Exercise goal:
Write the lines below out exactly, dropping each picture.

START Dataset section

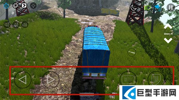 6、接下来小编以最常见的按钮操作为例,简单为各位小伙伴介绍一下操作方法。玩家可以通过下方的操作键控制车辆的前进方向,同时支持换不同的档位来完成倒车等操作,更多的玩法玩家可以进入游戏后自行探索哦!
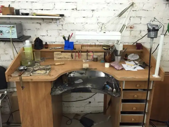 Так выглядит рабочее место ювелира – ничего роскошного, а ведь здесь обрабатывается не только серебро, но и золото, и драгоценные камни. Внизу педалька для шлифовочной машинки.
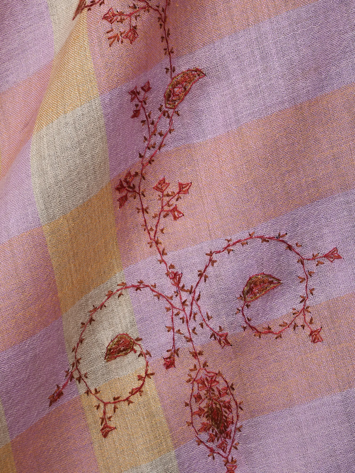 Multicolor Floral Motif Kalamkari Shawl with Chain Stitch Embroidery

END Dataset section

Answer box:
 6、接下来小编以最常见的按钮操作为例,简单为各位小伙伴介绍一下操作方法。玩家可以通过下方的操作键控制车辆的前进方向,同时支持换不同的档位来完成倒车等操作,更多的玩法玩家可以进入游戏后自行探索哦!
 Так выглядит рабочее место ювелира – ничего роскошного, а ведь здесь обрабатывается не только серебро, но и золото, и драгоценные камни. Внизу педалька для шлифовочной машинки.
 Multicolor Floral Motif Kalamkari Shawl with Chain Stitch Embroidery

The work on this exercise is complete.